What are the differences between parallel, semi-parallel, and serial designs?
Parallel designs provide high speed but consume more area, while semi-parallel designs strike a balance between speed and area. Serial designs are the most area-efficient but have the lowest speed. The choice depends on constraints like cost and performance.
What are common metaheuristic methods for partitioning optimization?
Metaheuristic methods for optimization include simulated annealing, which allows exploration by permitting initial uphill moves to avoid local minima, and genetic algorithms, which use evolutionary strategies like selection, crossover, and mutation to refine solutions. These methods balance exploration and exploitation.
When should you use ASAP scheduling, and when is ALAP scheduling more appropriate?
Use ASAP scheduling when minimizing latency is critical. It ensures operations are executed as early as possible for the shortest latency. Use ALAP scheduling when optimizing for resource usage or energy efficiency. It schedules operations as late as possible, maximizing slack and allowing for better resource sharing.
What are limitations of using bit data type to represent a physical signal in VHDL?
Bit has a limited range of values between ‘0’ and ‘1’
What’s the difference between a VARIABLE and a SIGNAL in synthesis and simulation?

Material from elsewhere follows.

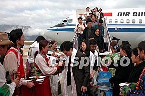 28日上午8點(diǎn)40分,104名來自全國各地的游客搭乘國航西南公司5027號波音737—600客機(jī)經(jīng)過45分鐘的飛行順利抵達(dá)九寨黃龍機(jī)場,宣告九寨航線正式通航。圖為當(dāng)?shù)夭刈迕癖姭I(xiàn)上青稞酒和哈達(dá),迎接來自各地的首航游客。作者:易世忠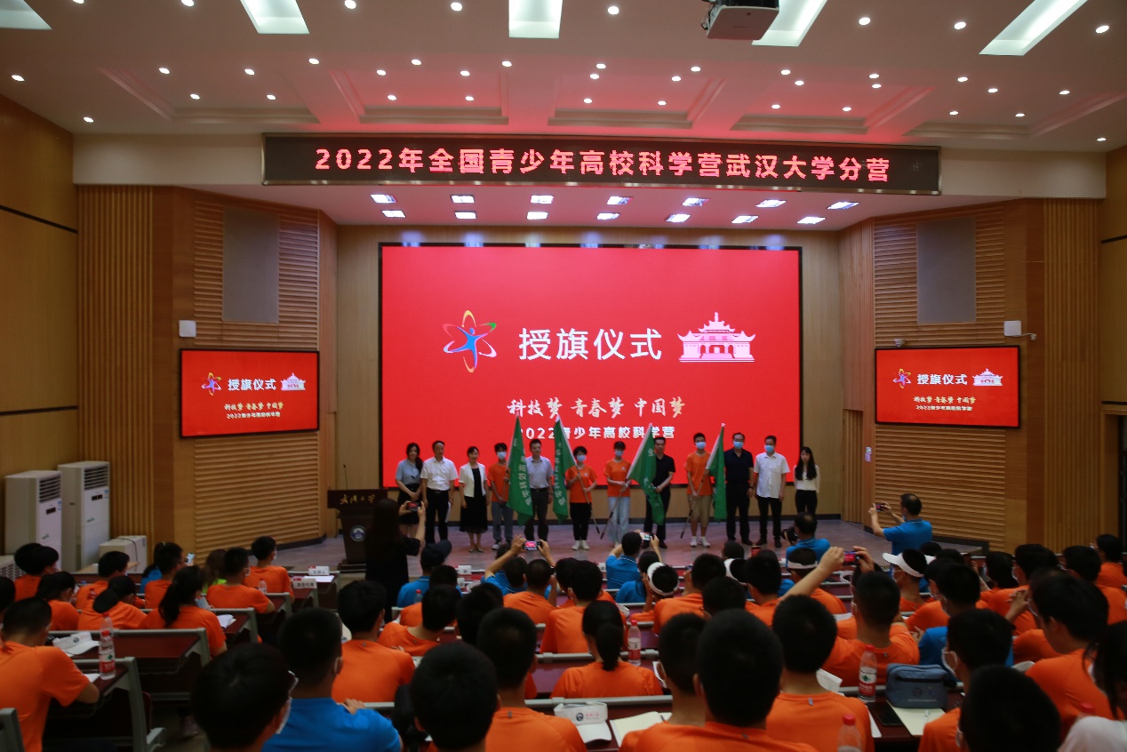 授旗儀式上,湖北省科學(xué)技術(shù)協(xié)會(huì)普及部、湖北省青少年科技中心、武漢大學(xué)團(tuán)委、武漢大學(xué)科學(xué)技術(shù)發(fā)展研究院等部門負(fù)責(zé)人向4位營(yíng)員代表(武穴中學(xué)學(xué)生許明妍、公安縣第一中學(xué)學(xué)生陸佳數(shù)、赤壁市第一中學(xué)學(xué)生周晨瑤、恩施市第一中學(xué)學(xué)生黃博軒)授旗。

VARIABLES are local computation and mapped to combinational logic, SIGNALS are in communication/storage and mapped to flip flops or interconnects
Name three constructs in VHDL that can’t be translated into hardware?

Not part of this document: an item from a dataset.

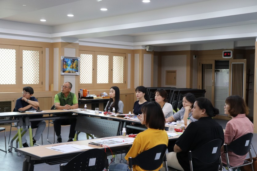 9명의 직원들과 함께 '주민과 함께하는 복지관'에 대해 지역조직팀의 김령선 과장님과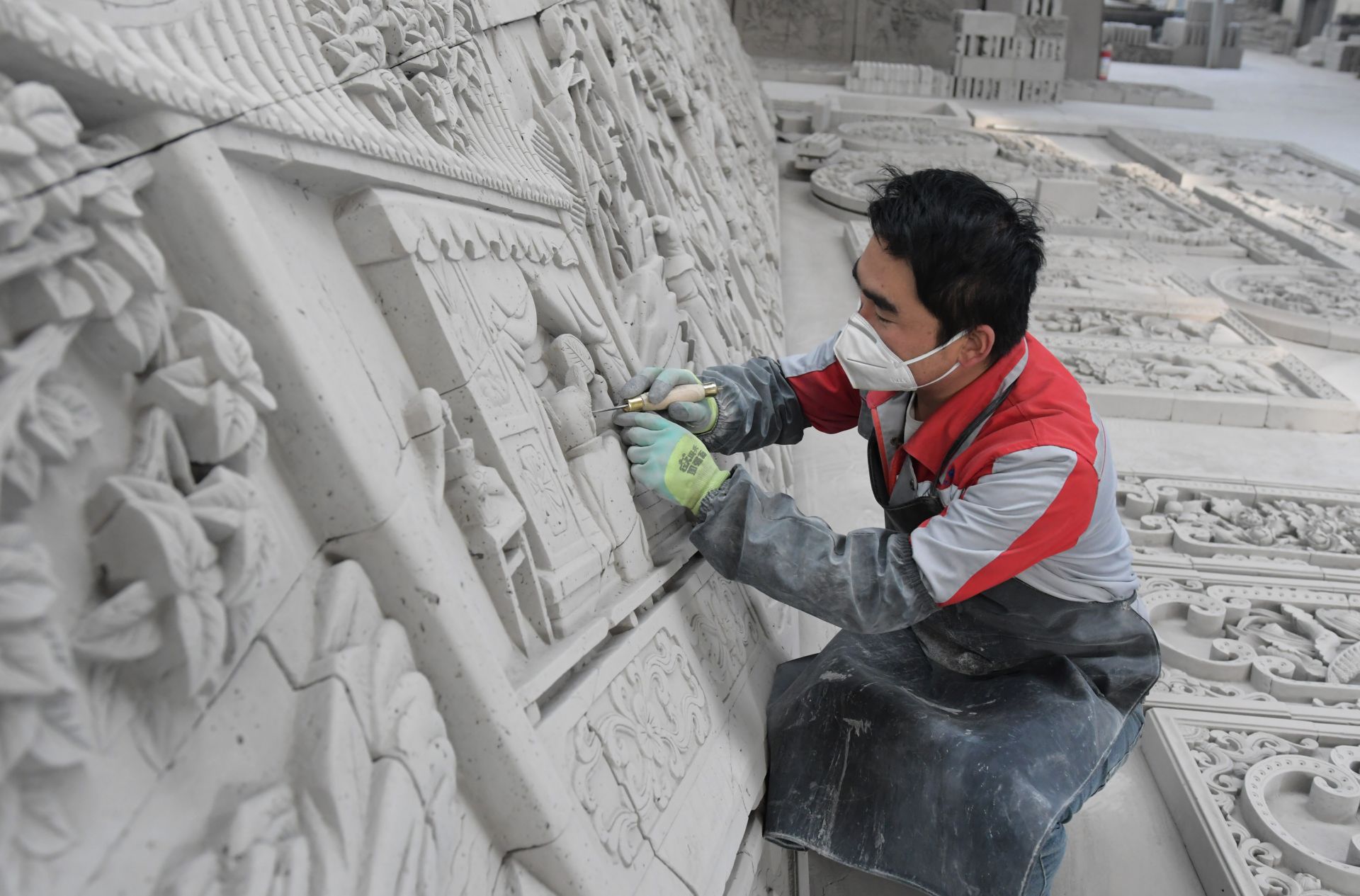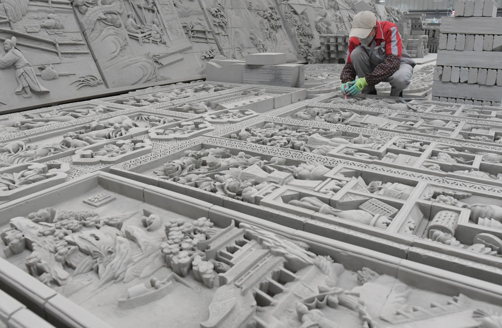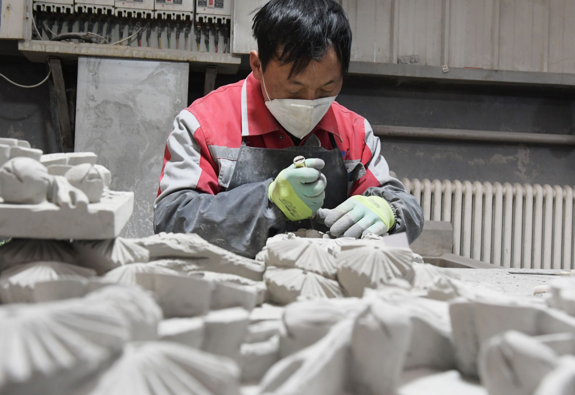 12月8日,在甘肃省临夏回族自治州临夏县一非遗扶贫就业工坊,艺人在制作砖雕作品。 临夏砖雕是甘肃临夏的传统民间艺术,主要用于亭台楼阁、园林、民居等的建筑装饰,以精细传神的雕刻技艺、古朴典雅的艺术魅力而闻名。2006年,临夏砖雕被列入第一批国家级非物质文化遗产名录。近年来,甘肃临夏有关部门和企业积极发展壮大非遗砖雕产业,通过“非遗+扶贫”模式,丰富砖雕产品类型,促进劳动力就近就业,帮助当地群众拓宽增收渠道。 新华社发(史有东 摄)

Wait, Assertion, Loops With No Bounds
What does a BLE consist of?
LUTs, Flip Flops, MUX
What does a CLB consist of?
BLEs and Slices
How can a BLE be used to realize a boolean function?
LUTs can be used for combinational circuits while the Flip Flops can be used for sequential circuits
Name three flaws of a fine grain FPGA
1) Delay through the LUT will be constant 2) LUTs are grouped in CLBs, making connections outside of LUT slow 3) Lots of bits have to be downloaded as a bitstream, leading to a high power consumption
What are main advantages of using a medium grain FPGA over fine grain?

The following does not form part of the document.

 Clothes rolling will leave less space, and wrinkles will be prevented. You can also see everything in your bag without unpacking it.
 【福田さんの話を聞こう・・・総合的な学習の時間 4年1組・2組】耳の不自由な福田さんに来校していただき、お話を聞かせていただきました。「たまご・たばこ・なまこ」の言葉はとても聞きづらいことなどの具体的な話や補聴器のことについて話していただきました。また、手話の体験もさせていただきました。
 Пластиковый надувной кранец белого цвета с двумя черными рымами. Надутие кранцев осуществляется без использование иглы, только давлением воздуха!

Medium grain FPGA has built-in blocks of RAM along with DSP units, which increases area efficiency and making it faster
Give FPGA Cad Flow
Design Entry -> Synthesis -> Logic Optimization -> Map to k-LUTS -> Packing -> Placement -> Routing -> Configure to FPGA
What are the four objectives ofp placement in FPGA?
1) Minimize wire length 2) Minimize congestion 3) Minimize signal delay 4) Ensure routability
What are advantages and disadvantages of separating placement and routing into two stages?
ADVANTAGE is that it helps simplify the problem, DISADVANTAGE is that both interact and we may end up losing critical values and another info in the process
State Flynn’s taxonomy of Multiprocesing
SISD (Single Instruction Single Data), MISD, (Multi Instruction Single Data), MIMD, (Multi Instruction Multi Data), MISD (Multi Instruction Single Data)
What is Amdahl Law?
Amdahl Law finds max speedup of an overall system given a portion of the system being sped up and # of processors
What are the advantages/disadvantages of SRAM-based technology in comparison to Anti-Fuse and EEPROM
ADVANTAGE: Speed, Programmability, Power Consumption.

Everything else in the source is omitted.